▼
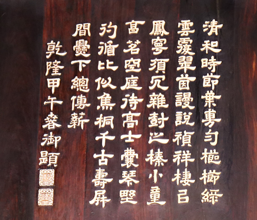 ▲右扇中扇屏風(fēng),刻乾隆三十九年御制《詠木刻桐院清陰圖屏》詩(shī):“清和時(shí)節(jié)葉旉勻,櫛櫛緑云覆翠茵。謾說(shuō)禎祥棲已鳳,寧須冗雜樹之榛。小童烹茗空庭待,高士囊琴野彴循。比似焦桐千古壽,屏間爨下總傳薪。”
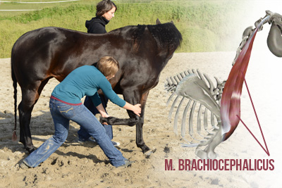 Durch das gleichförmige Nachhintenziehen der vorderen Extremität kann ein guter Dehnungseffekt auf den M. Brachiocephalicus (Unterhalsmuskulatur) erreicht werden.
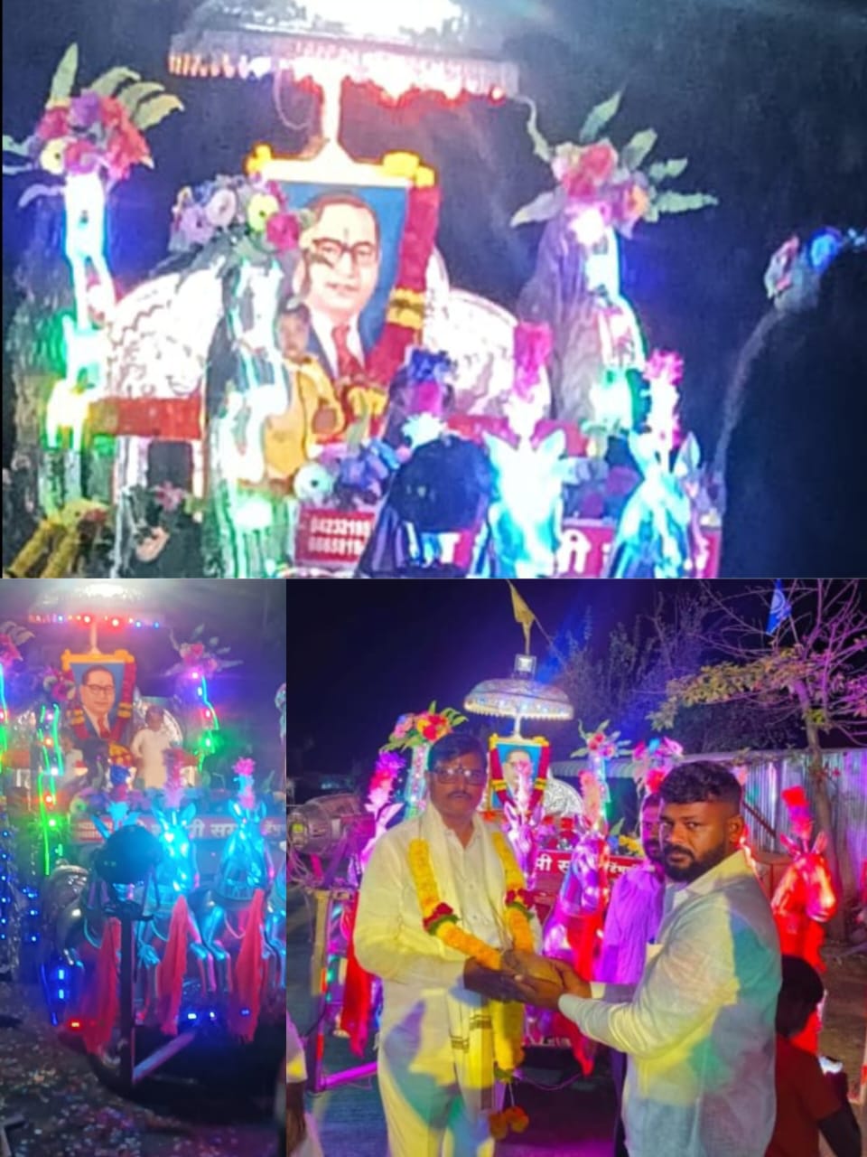 सायंकाळी डॉक्टर बाबासाहेब आंबेडकर यांच्या भव्य प्रथमेची मिरवणूक गावातील मुख्य रस्त्याने वाजत गाजत काढण्यात आली.
▲
• EXERCISE DIRECTIONS: The lines from the one containing "Durch das gleichförmige" through the last line of the data above are to be transcribed exactly, both included, with all pictures left out.

• TASK ANSWER:
 Durch das gleichförmige Nachhintenziehen der vorderen Extremität kann ein guter Dehnungseffekt auf den M. Brachiocephalicus (Unterhalsmuskulatur) erreicht werden.
 सायंकाळी डॉक्टर बाबासाहेब आंबेडकर यांच्या भव्य प्रथमेची मिरवणूक गावातील मुख्य रस्त्याने वाजत गाजत काढण्यात आली.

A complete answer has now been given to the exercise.